In 2006, Menchú was one of the founders of the Nobel Women's Initiative along with sister Nobel Peace Laureates Jody Williams, Shirin Ebadi, Wangari Maathai, Betty Williams and Mairead Corrigan Maguire. These six women, representing North America, South America, Europe, the Middle East, and Africa, decided to bring together their experiences in a united effort for peace, justice and equality. It is the goal of the Nobel Women's Initiative to help strengthen women's rights around the world.

Menchú is a member of PeaceJam, an organization whose mission is to use Nobel Peace Laureates as mentors and models for young people and provide a way for these Laureates to share their knowledge, passions, and experience. She travels around the world speaking to youth through PeaceJam conferences. She has also been a member of the Foundation Chirac's honor committee since the foundation was launched in 2008 by former French president Jacques Chirac in order to promote world peace.

Menchú has continued her activism by continuing to raise awareness for issues including political and economic inequality and climate change.

Legacy

Awards and honors

 1992 Nobel Peace Prize for her advocacy and social justice work for the indigenous peoples of Latin America
 1992 UNESCO Goodwill Ambassador position for her advocacy for the indigenous peoples of Guatemala
 Menchú became the youngest recipient of the Nobel Peace Prize at the time, and its first Indigenous recipient.
 1996 Peace Abbey Courage of Conscience Award for her authorship and advocacy for the indigenous peoples of Guatemala
 1998 Prince of Asturias Prize for improving the condition of women and the communities they serve. (Jointly with 6 other women.)
 1999 asteroid 9481 Menchú was named in her honor ()
 2010 Order of the Aztec Eagle for services provided for Mexico
 2018 Spendlove Prize for her advocacy for minority groups
 In 2022, the University of Bordeaux Montaigne, located in Pessac gave the name of its newly built library in her honor

Publications 
 I, Rigoberta Menchú (1983)
 This book, also titled My Name is Rigoberta Menchú and that's how my Conscience was Born, was dictated by Menchú and transcribed by Elizabeth Burgos
 Crossing Borders (1998)
 Daughter of the Maya (1999)
 The Girl from Chimel (2005) with Dante Liano, illustrated by Domi 
 The Honey Jar (2006) with Dante Liano, illustrated by Domi
 The Secret Legacy (2008) with Dante Liano, illustrated by Domi 
 K'aslemalil-Vivir. El caminar de Rigoberta Menchú Tum en el Tiempo (2012)

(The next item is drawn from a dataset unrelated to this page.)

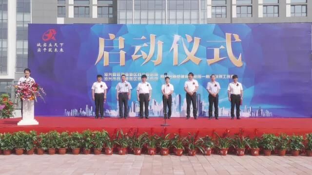 臺上領(lǐng)導(dǎo)共同為慶典儀式剪彩,將現(xiàn)場氣氛推向高潮。

Controversies about her testimony
More than a decade after the publication of I, Rigoberta Menchú, anthropologist David Stoll investigated Menchú's story and claimed that Menchú changed some elements about her life, family, and village to meet the publicity needs of the guerrilla movement. The controversy caused by Stoll's book received widespread coverage in the US press of the time; thus the New York Times highlighted a few claims in her book contradicted by other sources:

Many authors have defended Menchú, and attributed the controversy to different interpretations of the testimonio genre. Menchú herself states,  "I'd like to stress that it's not only my life, it's also the testimony of my people." Some scholars have stated that, despite its factual and historical inaccuracies, Menchú's testimony remains relevant for the ways in which it depicts the life of an Indigenous Guatemalan during the civil war.

The Nobel Committee dismissed calls to revoke Menchú's Nobel Prize, in spite of Stoll's allegations regarding Menchú. Geir Lundestad, the secretary of the committee, stated that Menchú's prize was awarded because of her advocacy and social justice work, not because of her testimony, and that she had committed no observable wrongdoing.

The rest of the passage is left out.